Exercise objective: Take the entries below and reproduce exactly the portion that begins at the line containing "Strakke lijnen en" and ends at the line containing "Nillkin Qin Book", keeping both ends, dropping pictures, and adding nothing else.

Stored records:
--*--

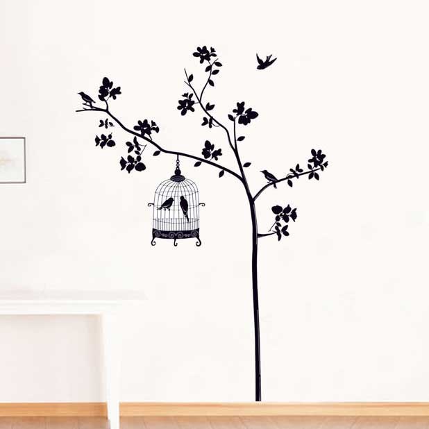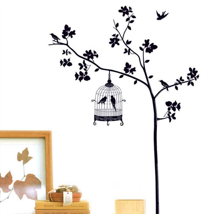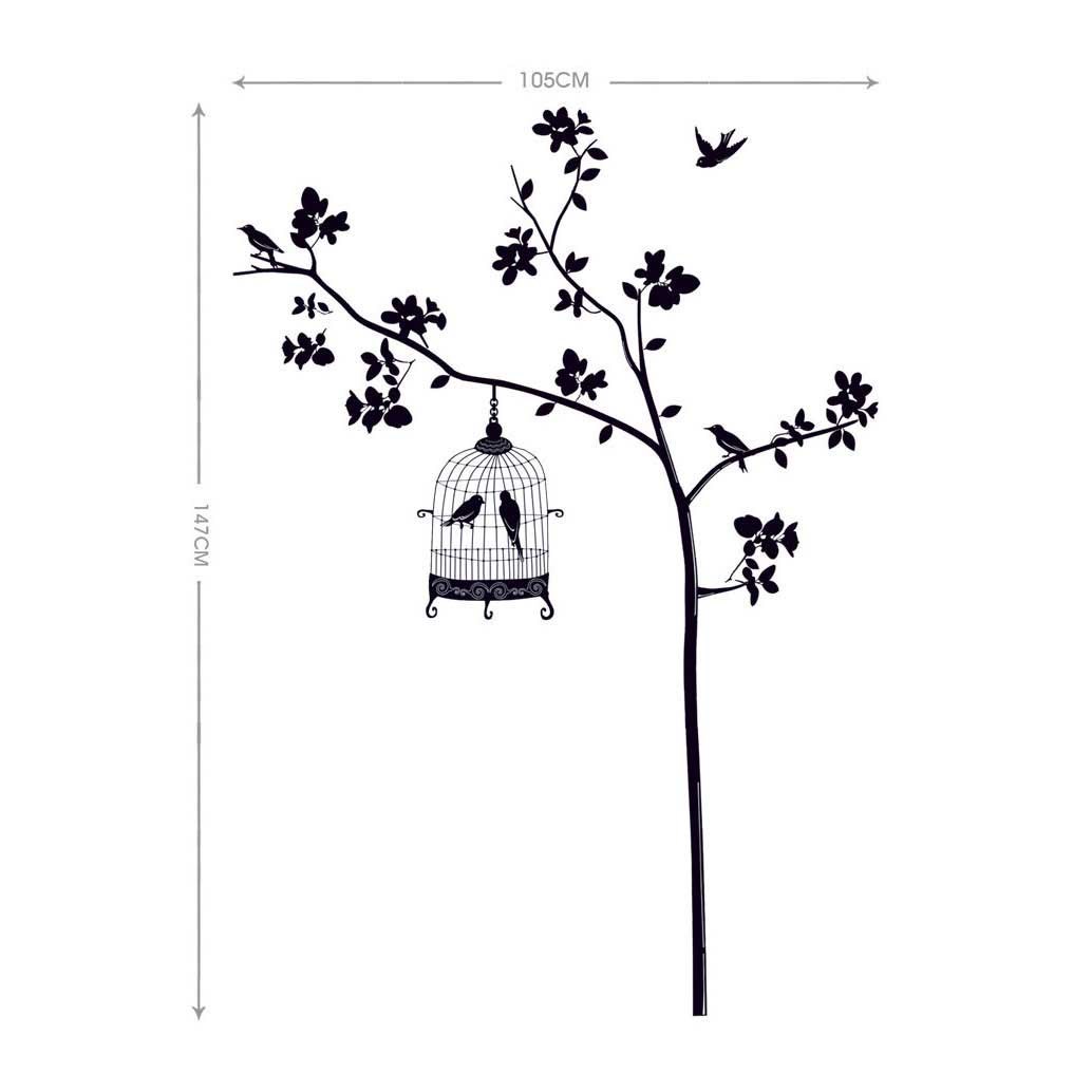 TipTop Wallstickers Black Tree & Birdcage Pattern
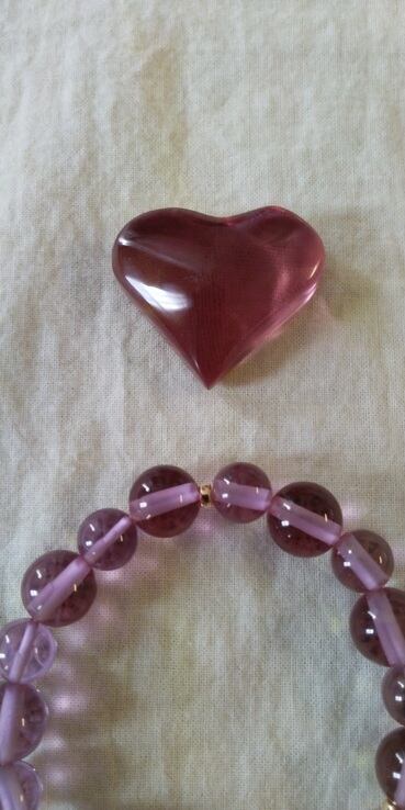 インドネシア産アンダラクリスタルのカラーバリエーションは多様にございますが、こちらはレアカラーで、お問い合わせを頂く機会が特に多いインディアンレッドのアンダラクリスタルとなります。天然石に例えるならば高品質なチベット産アンデシンのようなお色目となります。自然光の元では赤褐色を帯びた艶やのあるインディアンレッドカラーに見えるのですが、蛍光色元では輝くイエローからオリーブグリーンにカラーチェンジして見えるのです。ブレスレットは珠の大きさやエネルギーのバランスを取りデザインさせて頂きました。感じ方は人それぞれ異なるでしょうが、インディアンレッドからは大変強い波動や温かなエネルギーが感じられるのです。ハートシェイプのアンダラクリスタルはヒーリングや瞑想時にはサポートストーンとなってくれるでしょう。多角面カットの施されたペンダントトップは持つ方の元でそっと寄り添ってくれるでしょう。お手持ちのチェーンや革紐等をお合わせ下さいませ。
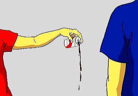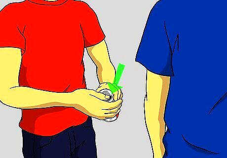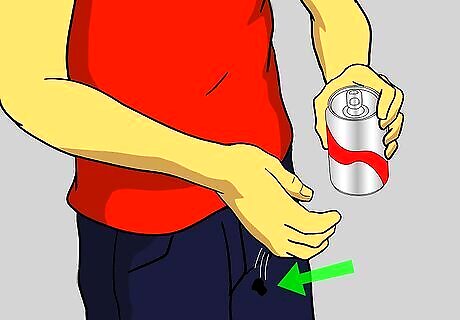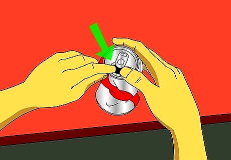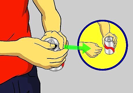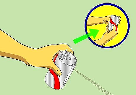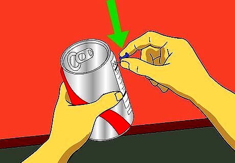 Let out about 1/3 of the soda from the can Lightly denting the sides.
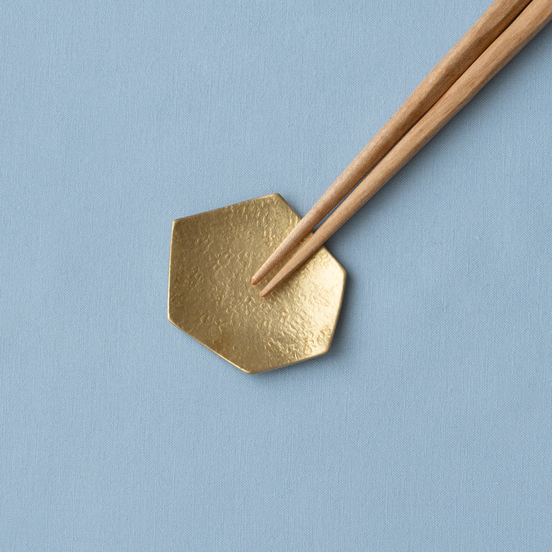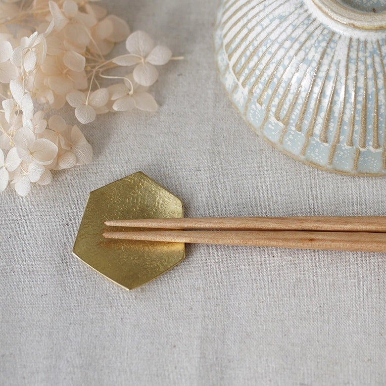 真鍮特有の光沢を放つ六角の箸置き。
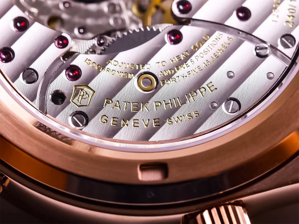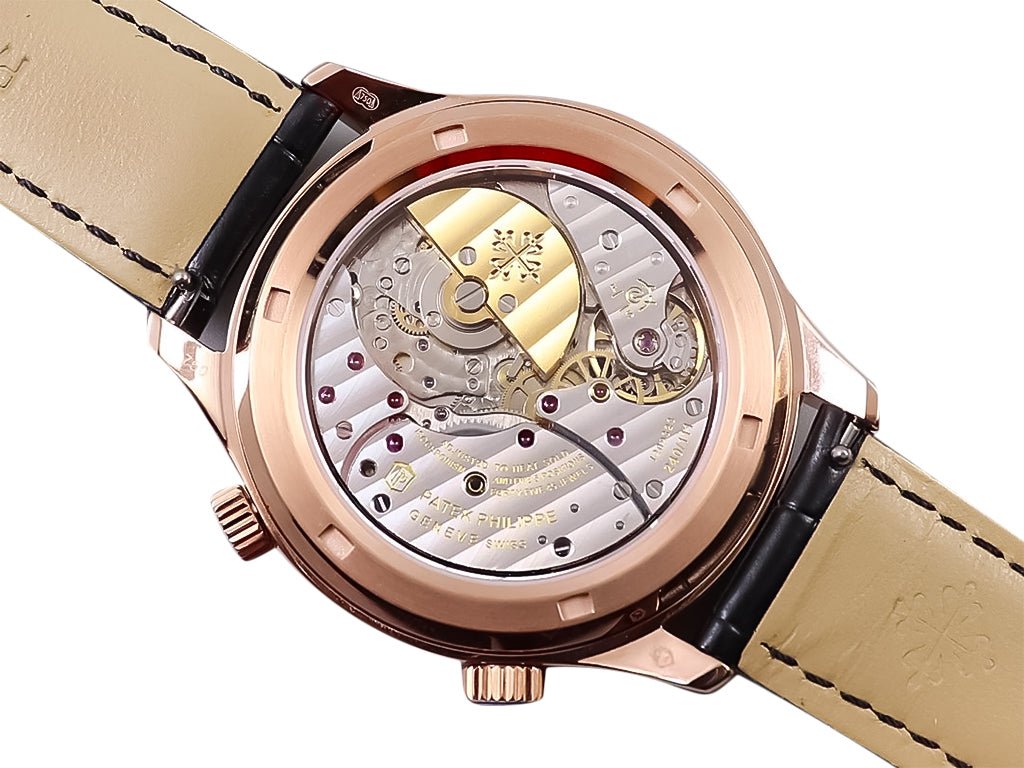 Rose gold plated, screw down crowns. Case diameter: 43mm. Height: 10.1mm. |
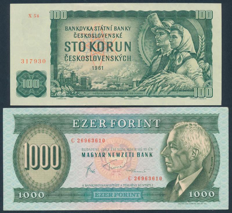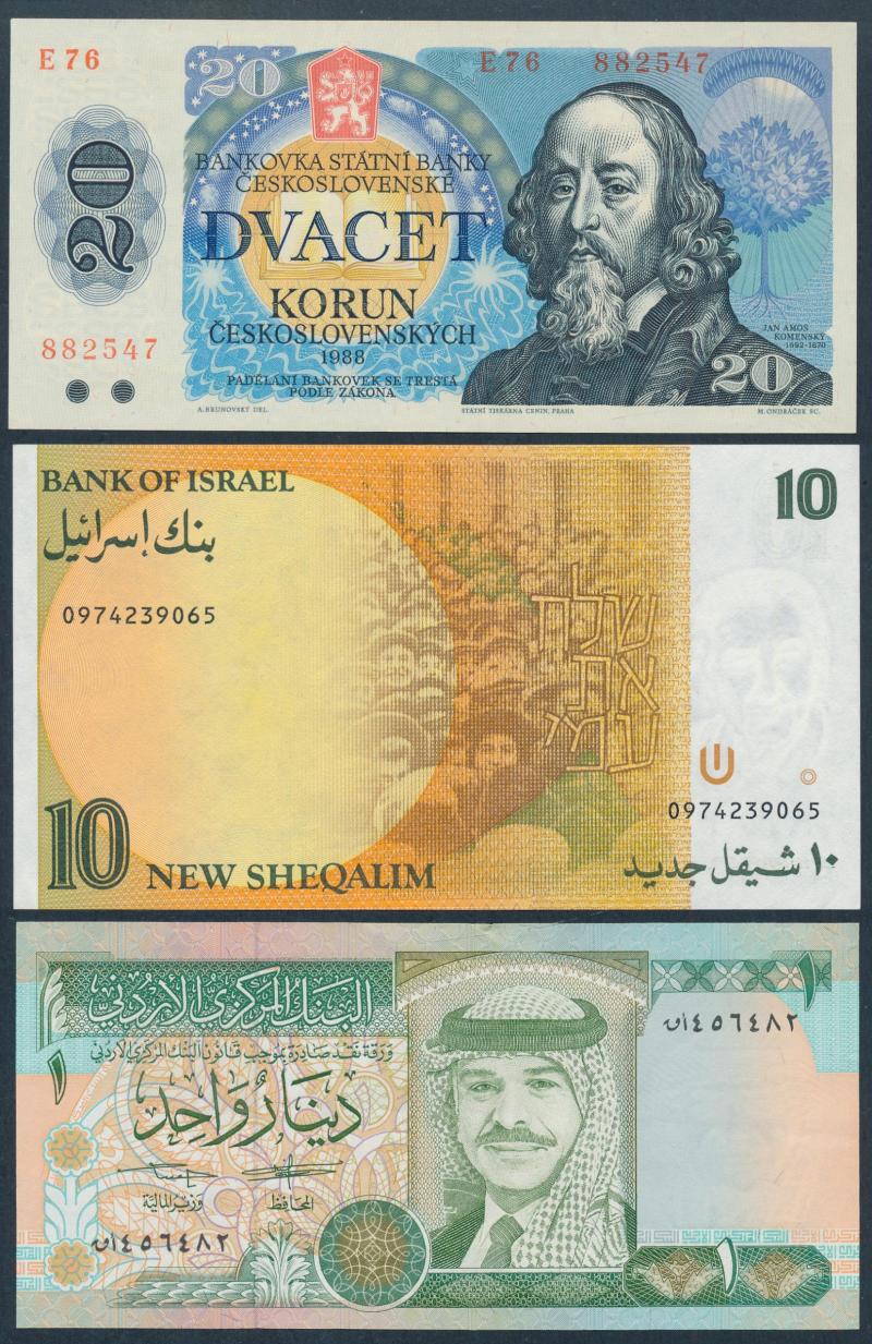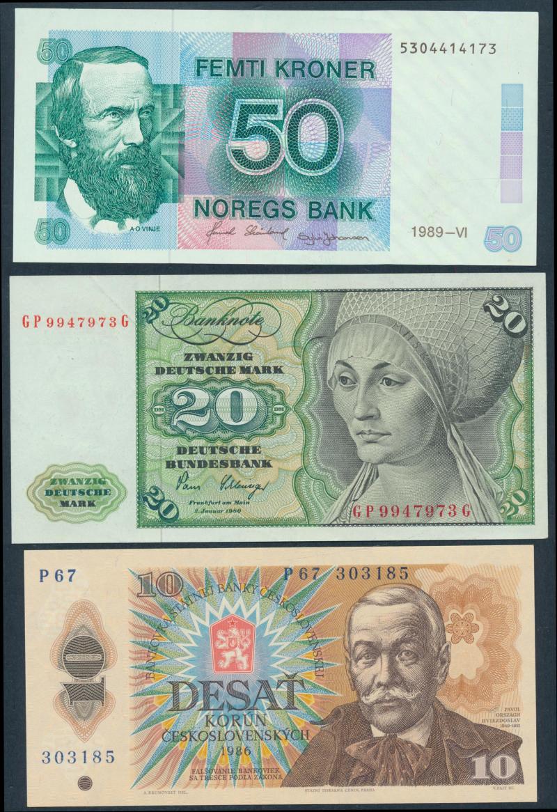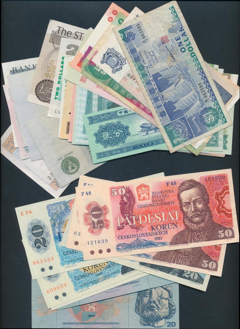 World in box with Czechoslovakia (24) 1960s-80s, France 1990 10f & 100f, Great Britain (7) including 1988 £10 & £20 Gill, Hong Kong
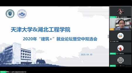 为充分贯彻落实党中央关于新冠病毒疫情防控工作的决策部署,多措并举做好疫情防控期间的就业工作。积极响应教育部发布的与武汉地区高校“一帮一”毕业生就业创业行动合作计划,在两校学生就业部门的大力协助下,天津大学建筑学院联合湖北工程学院建筑学院于4月30日上午9时,举办“海棠之约,云端会面”2020“建筑+”就业论坛暨空中双选会。论坛由天津大学建筑学院谢舒主持。
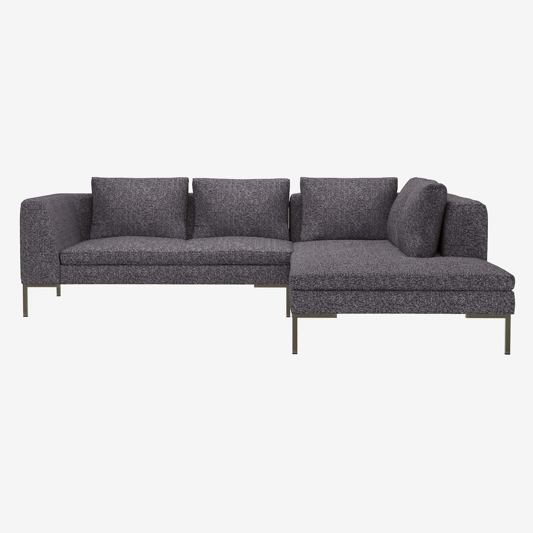 Strakke lijnen en een zachte zitting vormen deze hoekbank met grafische uitstraling. Geïnspireerd door de New Yorkse loftstijl, presenteert hij zich als een sobere en hedendaagse meubelstuk.
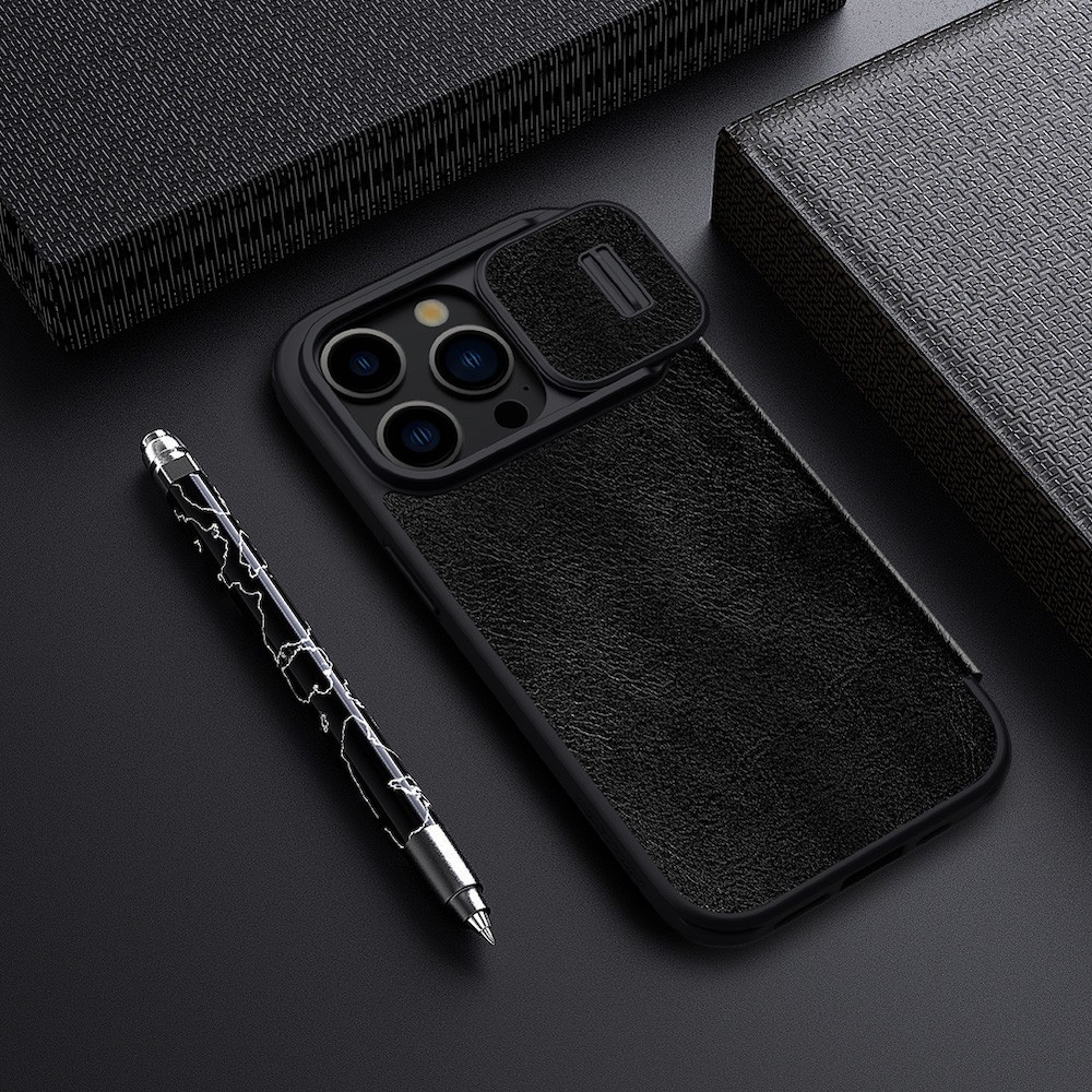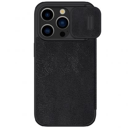 Nillkin Qin Book Pro Leather Flip Case - кожен калъф, тип портфейл за iPhone 15 Pro Max (черен)
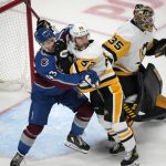 The Avalanche needed all of 20 seconds to reclaim the lead. Surging up the right wing into the offensive zone, Avalanche forward Alex Newhook lost possession of the puck on a poke check by Letang. A strange display in physics led to the puck coming to a complete stop above the right circle and allowed Avalanche forward Nicolas Aube-Kubel to step up and rocket a slap shot under Letang’s right leg and past Jarry’s left skate for his eighth goal. Newhook and linemate Nico Sturm had assists.

--*--

Answer to the exercise:
 Strakke lijnen en een zachte zitting vormen deze hoekbank met grafische uitstraling. Geïnspireerd door de New Yorkse loftstijl, presenteert hij zich als een sobere en hedendaagse meubelstuk.
 Nillkin Qin Book Pro Leather Flip Case - кожен калъф, тип портфейл за iPhone 15 Pro Max (черен)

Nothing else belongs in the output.